== WORK REQUEST ==
Restate the listing below line for line and word for word, without the pictures.

===== DATA SECTION =====

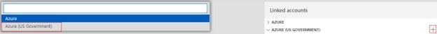 Under Azure (US GOVERNMENT), select the ‘+’ sign, and then select the Azure (US GOVERNMENT) option.
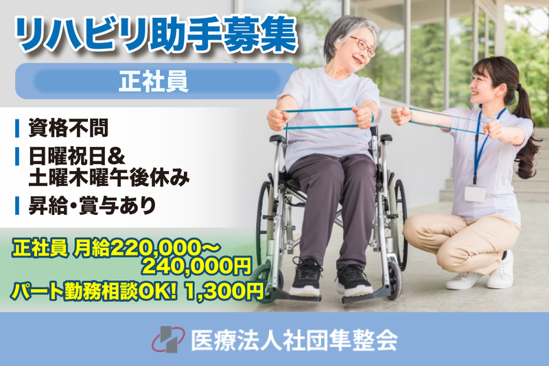 求める人材: 【下記資格をお持ちの方】 ・理学療法士 ・普通免許
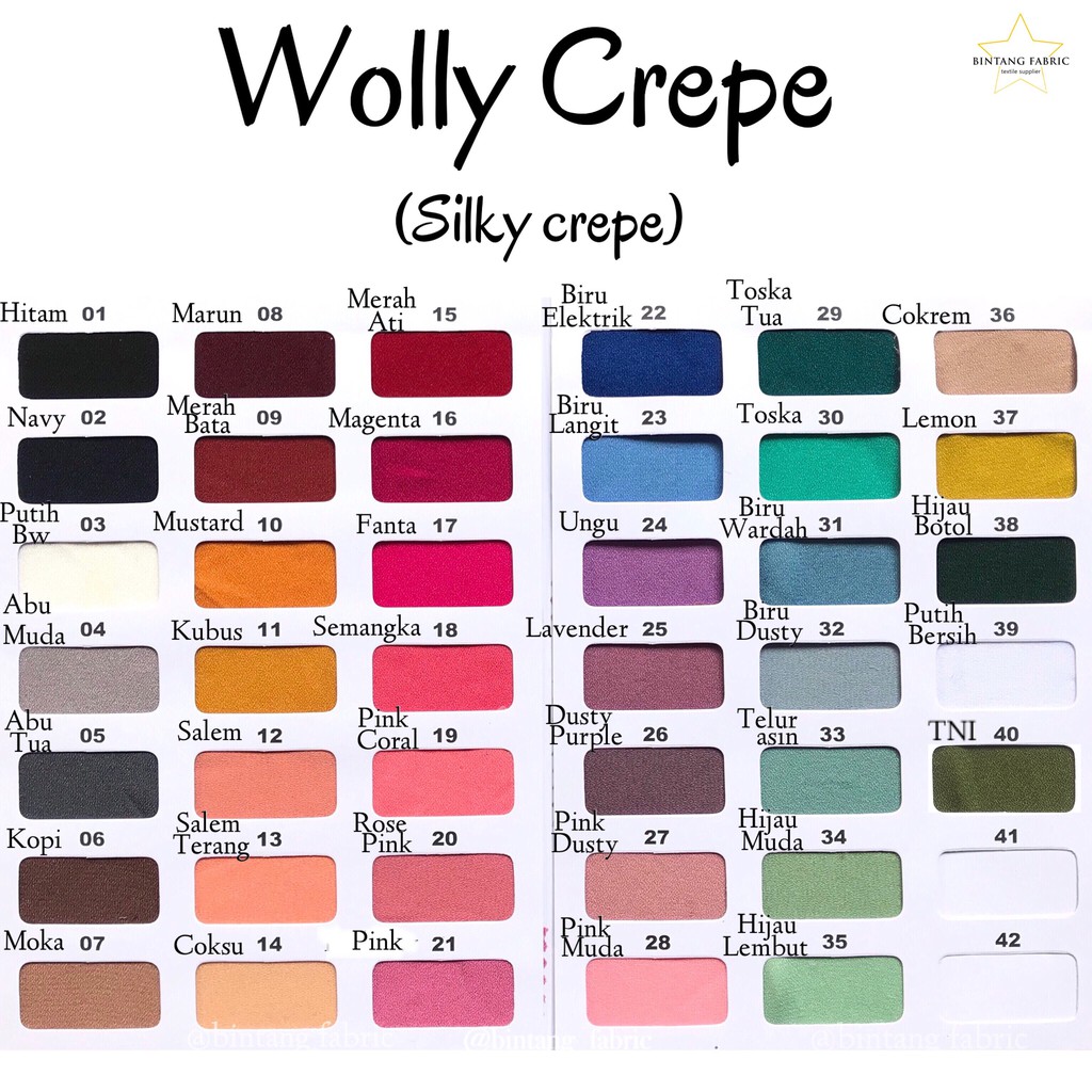 Informasi mengenai bahan kain wollycrepe. Kain wollycrepe adalah salah satu jenis kain yang banyak digunakan untuk pembuatan pakaian. Beberapa jenis bahan wollycrepe yang cukup populer di indonesia di antaranya ialah bubble crepe, arabian crepe, crezia crepe, dan diamond . Bahan kain wollycrepe gamis syari dress jilbab kerudung cadar. Beli produk kain wollycrepe berkualitas dengan harga murah dari berbagai pelapak di.

=====

== EXPECTED ANSWER ==
 Under Azure (US GOVERNMENT), select the ‘+’ sign, and then select the Azure (US GOVERNMENT) option.
 求める人材: 【下記資格をお持ちの方】 ・理学療法士 ・普通免許
 Informasi mengenai bahan kain wollycrepe. Kain wollycrepe adalah salah satu jenis kain yang banyak digunakan untuk pembuatan pakaian. Beberapa jenis bahan wollycrepe yang cukup populer di indonesia di antaranya ialah bubble crepe, arabian crepe, crezia crepe, dan diamond . Bahan kain wollycrepe gamis syari dress jilbab kerudung cadar. Beli produk kain wollycrepe berkualitas dengan harga murah dari berbagai pelapak di.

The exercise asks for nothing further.